Gli impianti realizzati comprendevano impianti d’antintrusione, un sistema di videosorveglianza, un impianto sonoro e multifunzionale per la sala conferenze, una rete dati ed un complesso sistema domotico in grado di gestire ogni funzionalità dell’edificio anche in termini di risparmio energetico.

I lavori ci hanno visti presenti nel Comune di Lecco per vari periodi da febbraio ad agosto 2012 in base all’avanzamento degli stessi; il museo, situato in un ottima posizione davanti al Lago di Lecco, è stato realizzato con l’intervento dei nostri migliori tecnici, per quanto riguarda il complesso sistema domotico e TVCC è stata utilizzata la marca leader bTicino, che con l’aiuto di tecnici interni ci ha permesso di rendere facile, utile ed accessibile il sistema elettrico e di supervisione di tutto il museo.
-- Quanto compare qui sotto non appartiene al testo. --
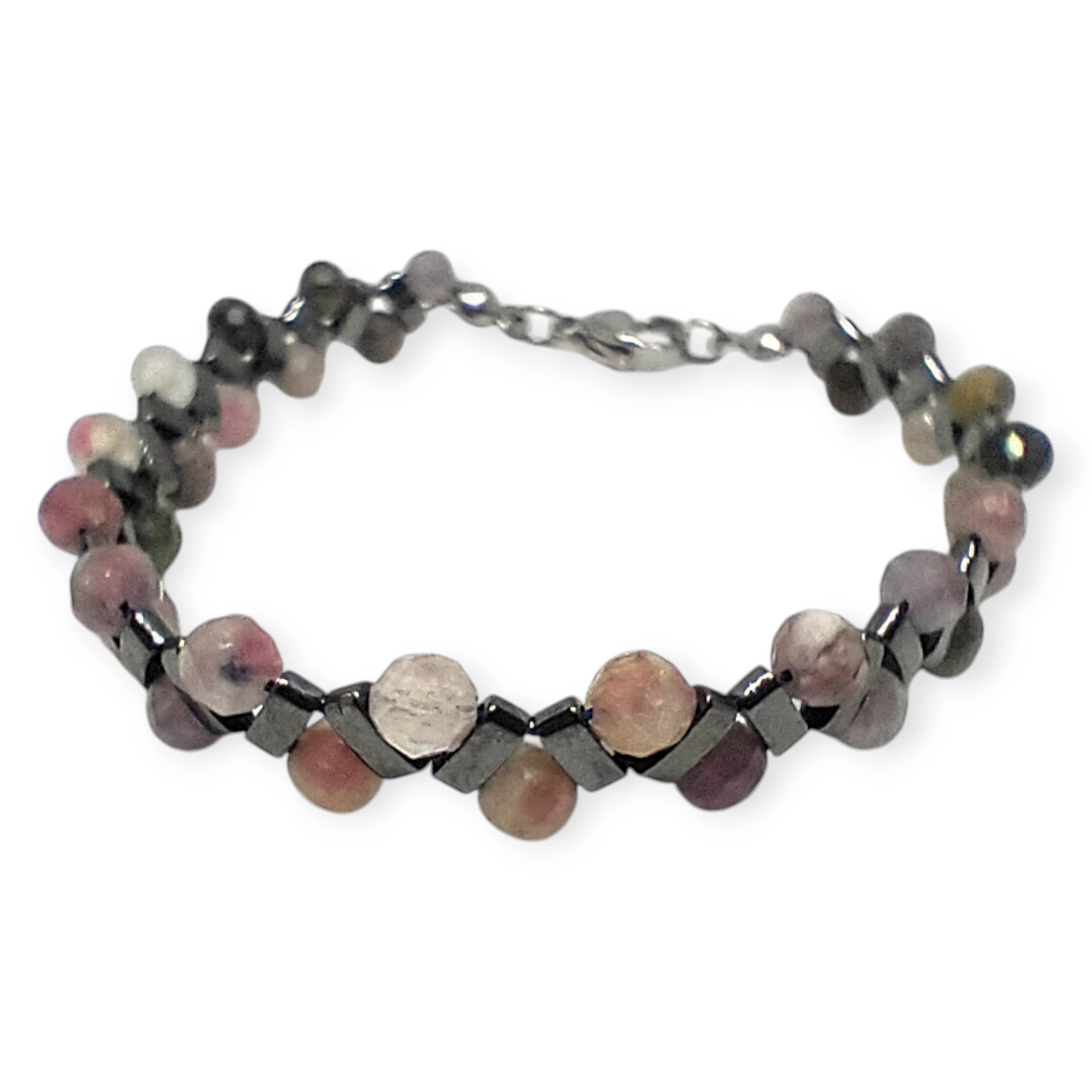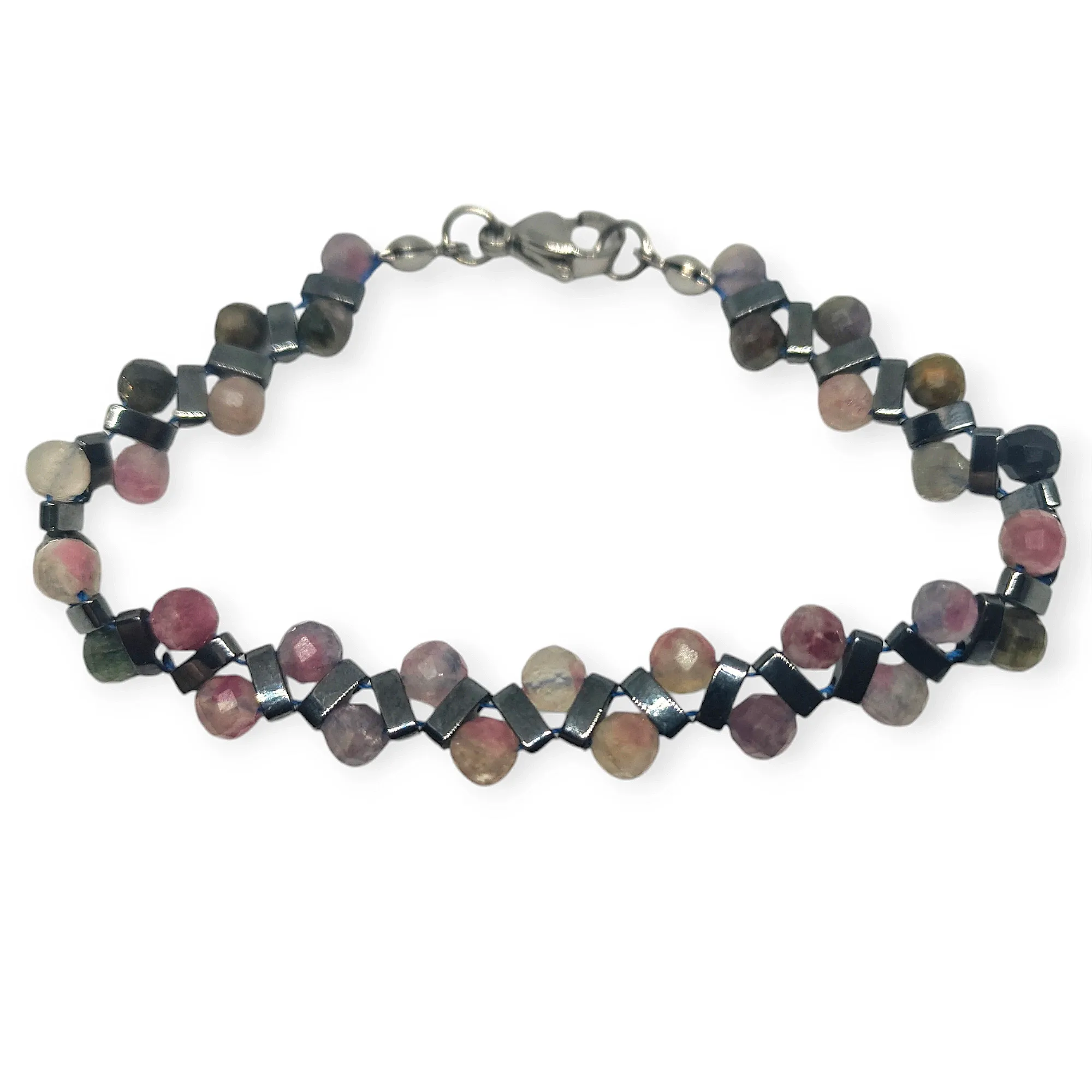 Harmonijne połączenie dwóch niezwykłych kamieni: kolorowego turmalinu i hematytu. Tęczowa paleta barw turmalinu dodaje radości i optymizmu, podczas hematyt emanuje siłą i energią. To połączenie tworzy wyjątkową kompozycję, która nie tylko pięknie wygląda, ale także wpływa pozytywnie na nasze samopoczucie.

Piccolo accenno storico sul Palazzo dove è situato il museo:

“Fino al 1964 in questo bizzarro edificio, fra il lungolago e le piazze Cermenati e XX Settembre, si trovavano gli uffici del catasto, delle imposte e della dogana. I lecchesi vi si recavano per pagare le tasse e per questo lo chiamarono “il palazzo delle paure”. Si tratta di un vasto palazzo costruito subito dopo l’abbattimento, nel 1916, dell’antico edificio della dogana nelle cui fondamenta si ritrovarono oggetti d’epoca romana, monete e ceramiche medievali. Le forme vogliono richiamare caratteristiche architettoniche medievali e rinascimentali, un pastiche eclettico non sgradevole benché decisamente arbitrario e approssimativo. Alcuni anni dopo, intorno al 1926, fu costruita anche una torre con finestre e trifore, forse per richiamare la precedente e più bassa torre dell’edificio della dogana. Sul lato della torre che dà su piazza XX Settembre fu murato uno stemma in marmo con il biscione visconteo, risalente forse al Trecento, che si trovava un tempo sopra una porta d’ingresso della vecchia dogana…”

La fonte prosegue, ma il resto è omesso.